Ayer, martes 15 de septiembre, el comandante del 3.º Cuerpo de Ejército ucraniano, Andriy Biletsky, confirmó los rumores sobre una contraofensiva en curso en el norte de la región de Donetsk. Biletsky anunció que las fuerzas ucranianas habían liberado el equivalente a 85 km² de territorio en los alrededores de Lyman y habían obligado al ejército ruso a retirar sus suministros de combustible hacia la región rusa de Vorónezh, a unos cien kilómetros 1.

Es la primera vez en casi cuatro años que Kiev hace retroceder de forma significativa al ejército ruso en este sector del frente.

  • Lyman, una ciudad situada al norte de la región de Donetsk, cuya población ascendía a 20.000 habitantes antes de la guerra, fue liberada en octubre de 2022 por las fuerzas ucranianas tras cinco meses de ocupación rusa.
  • Sin embargo, la situación se había deteriorado desde entonces: en noviembre de 2025, Deep State informaba de infiltraciones rusas en la ciudad desde el sureste.
  • El grupo señalaba entonces que «la presión constante ejercida por las fuerzas rusas y su superioridad numérica pueden cambiar la situación en cualquier momento».

La operación, bautizada como «Vivaldi», se desarrolla en un silencio operativo similar al que caracterizó la contraofensiva llevada a cabo durante el primer semestre en el sur del país, y que condujo a la liberación de 745 km² de territorio en las regiones de Dnipropetrovsk, Donetsk y Zaporiyia. 

  • Este «silencio mediático» se debe tanto a motivos de seguridad como a la voluntad de no incitar al mando ruso a destinar más recursos para repeler los avances ucranianos.
  • De hecho, los cuatro años de guerra han puesto de manifiesto que la discrepancia entre la percepción de Moscú y la realidad de las relaciones de fuerza en el frente tendía a crear condiciones favorables para Kiev.

Debido a la voluntad de los responsables militares rusos de no comunicar al poder político los fracasos o la falta de éxitos en el frente, es posible que el ejército ruso haya dejado que la situación se deteriorara durante varios meses sin reaccionar a tiempo.

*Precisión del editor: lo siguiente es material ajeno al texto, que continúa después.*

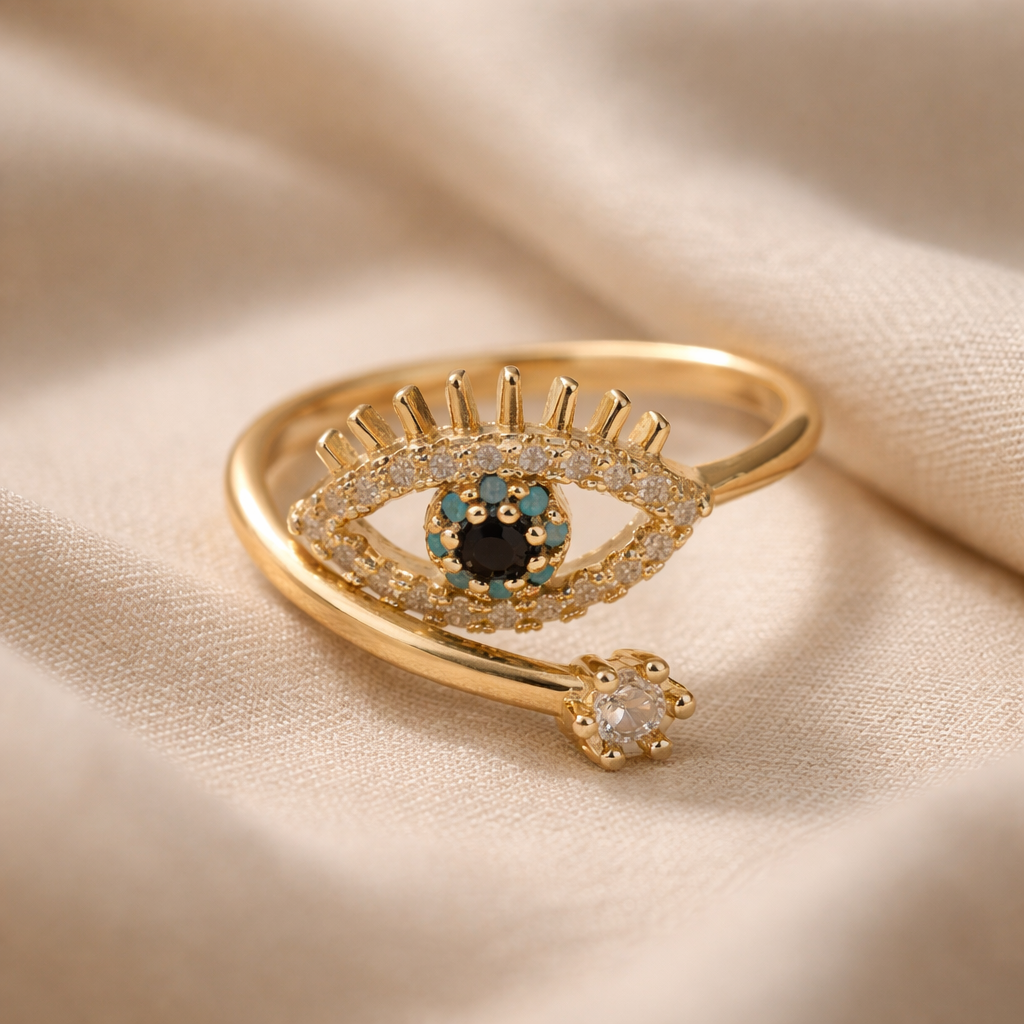 The Nazare Eye Open Ring is a striking symbol of protection, intuition, and refined elegance. Crafted from premium 316L stainless steel with a luminous gold-tone finish, this adjustable open-band ring features an intricate eye motif adorned with pavé crystal detailing, turquoise accents, and a deep central stone that creates a captivating focal point.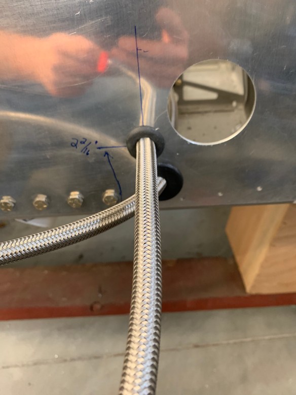 Then it was securing the lines to the system control brackets. This required a little dremmeling to open them up a bit more to accommodate the larger diameter lines. The return line passes under the brake line on its way out. There is a little air gap between them, but I’ll probably wrap some spiral separator on one of them to avoid any rubbing via vibration.
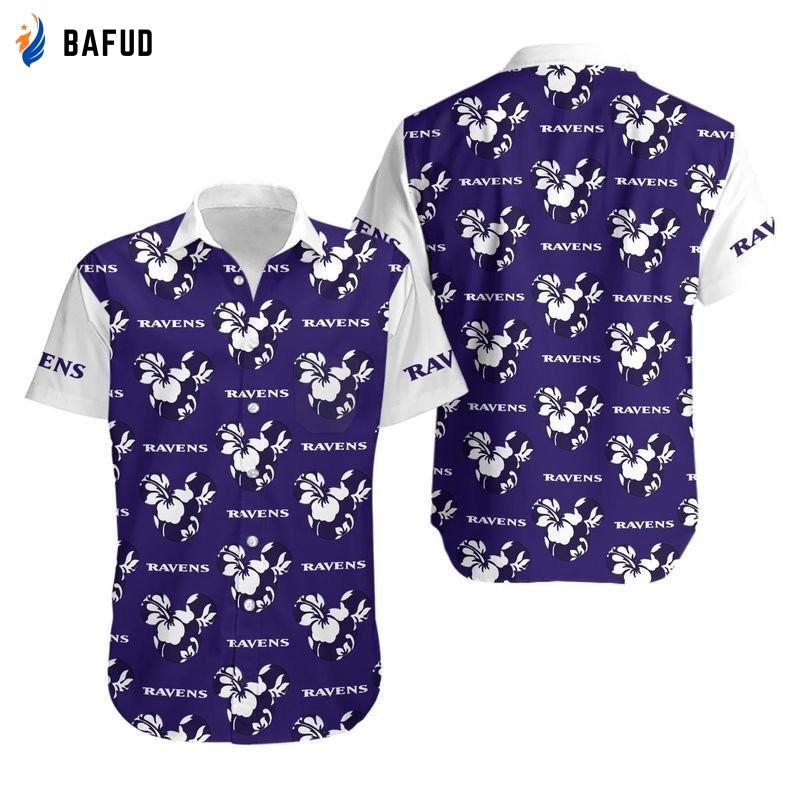Baltimore Ravens Mickey and Flowers Hawaii Shirt - Perfect for Summer Fun!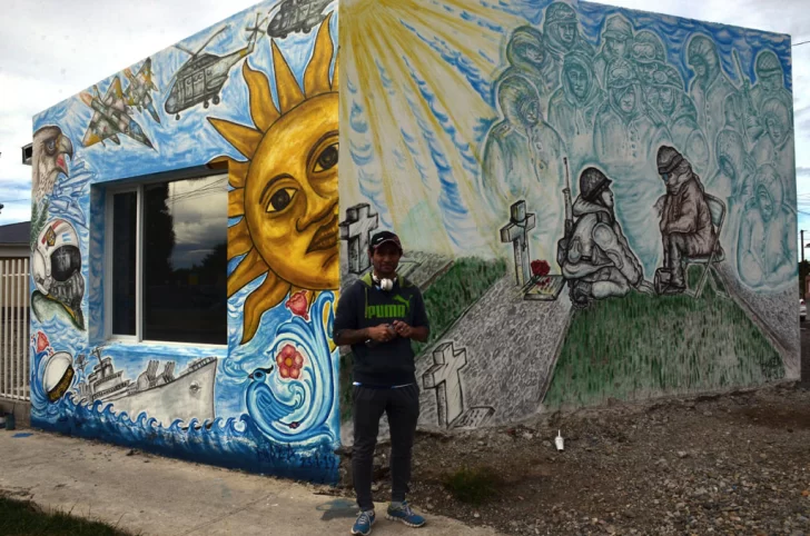 La obra puede verse en la intersección de las calles Paradelo y Tamel Aike, detrás de la Comisaría Tercera de nuestra ciudad. Allí, dos murales reflejan el homenaje al ARA San Juan y a los combatientes caídos en la Guerra de Malvinas. Conoce a uno de sus artistas que brindó su habilidad para la creación.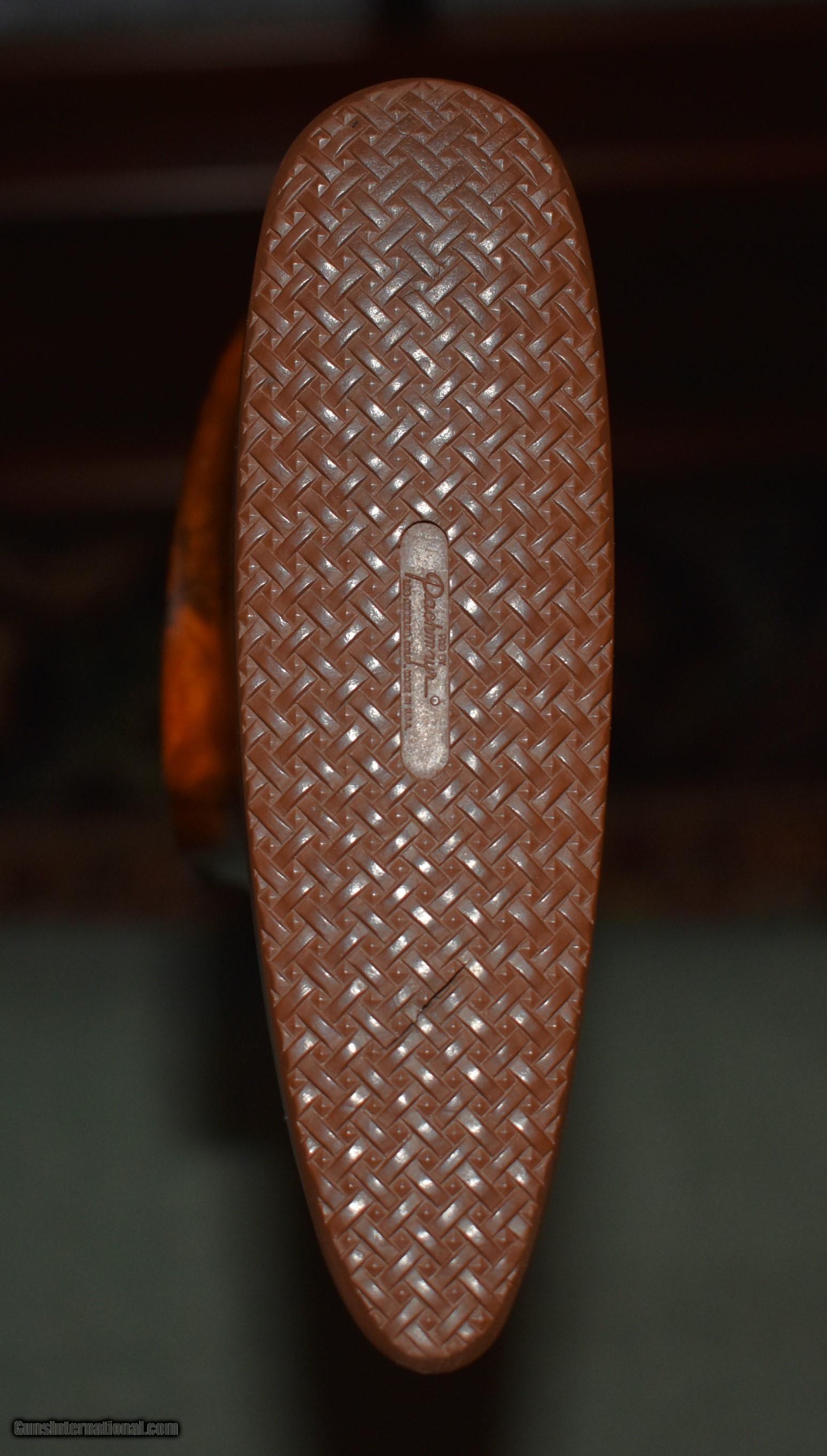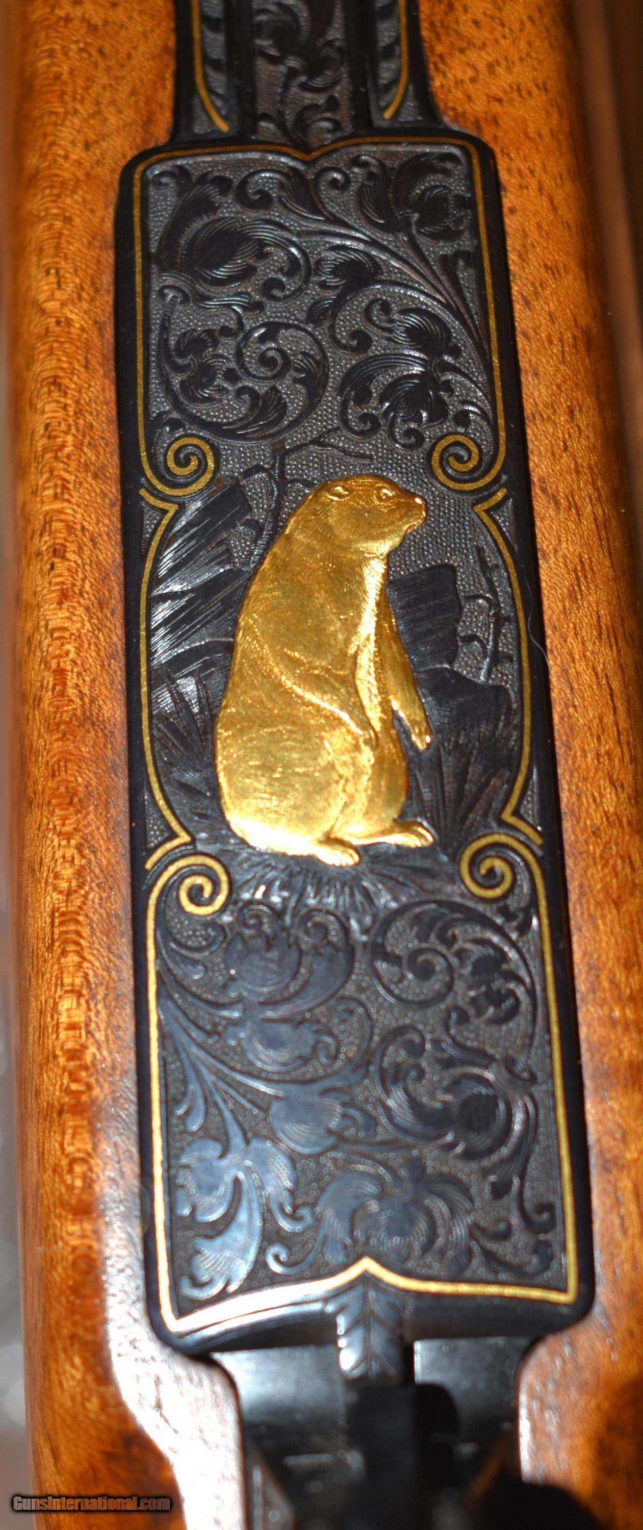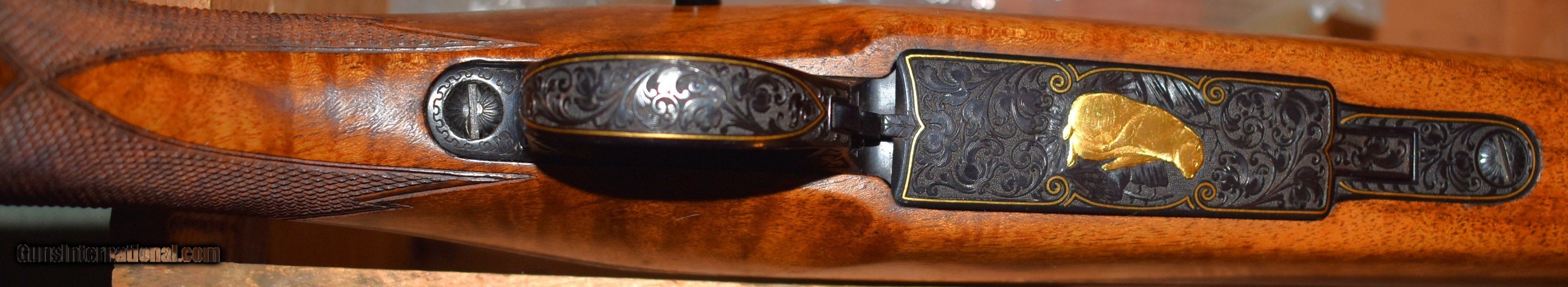 Description: A beautiful custom 243 built by Paul Jaeger Inc of Jenkintown,Pa in the mid 1970s. Built on a Sako L579 action,this rifle is in mint condition retaining 100% of the metal and wood finishes. Custom features include: deep relief oak leaf engraving with gold wire and gold lnlay of a woodchuck on the floorplate,trigger guard,and grip cap. A Douglas premium 26" barrel. An incredible stock of very highly figured European walnut with a slim beavertail forend. Blackburn bottom metal. Very fine checkered wrap around checkering on forend and grip. Engine turned bolt with checkered bolt handle. Sako bases and 1" rings. Gold initial oval with the intitals "EO" engraved. The ultimate varmint rifle from one of the classic custom builders of our time. A true work of gunmaking art. C&R eligible. Price includes shipping to your FFL. SOLD Curio/Relic: Yes Rifle Caliber: .243 Winchester Manufacturer: Paul Jaeger Model: Custom Serial Number: 65297 Barrel Length: 28 Condition: mint Metal Condition: mint Wood Condition: mint Bore Condition: mint Barrel Type: Douglas Premium Action: Bolt Butt Pad: Factory Recoil Pad Manufacture Date: Mid 1970s |

  • Según el analista Clément Molin, la contraofensiva ucraniana en el sector de Lyman se habría iniciado ya a finales de mayo 2.
  • Biletsky afirma que la liberación de 85 km² no sería más que la primera fase de una operación más prolongada, lo que sugiere que el territorio liberado podría ser más extenso una vez concluida dicha operación.
  • A finales de agosto, Molin afirmaba que unos 200 km² de territorio que estaban bajo control ruso «se habían perdido» 3. Según el ISW, es probable que las fuerzas ucranianas ya hayan logrado avances superiores a los anunciados por Biletsky 4.

Aunque estos avances siguen siendo inferiores a los logrados en el sur del país entre enero y agosto, la retomada de la iniciativa por parte de Kiev en este sector del frente podría retrasar significativamente el avance ruso en la región de Donetsk.

  • Según fuentes cercanas al Kremlin, Putin querría haber tomado el control de toda la región en los próximos seis meses.
  • A finales de agosto, Volodímir Zelenski había afirmado que el presidente ruso había fijado como fecha límite el 31 de diciembre de 2026.
  • Desde 2022, Putin ha fijado 15 plazos al ejército para la toma de la región de Donetsk, pero no se ha logrado cumplir ninguno de ellos.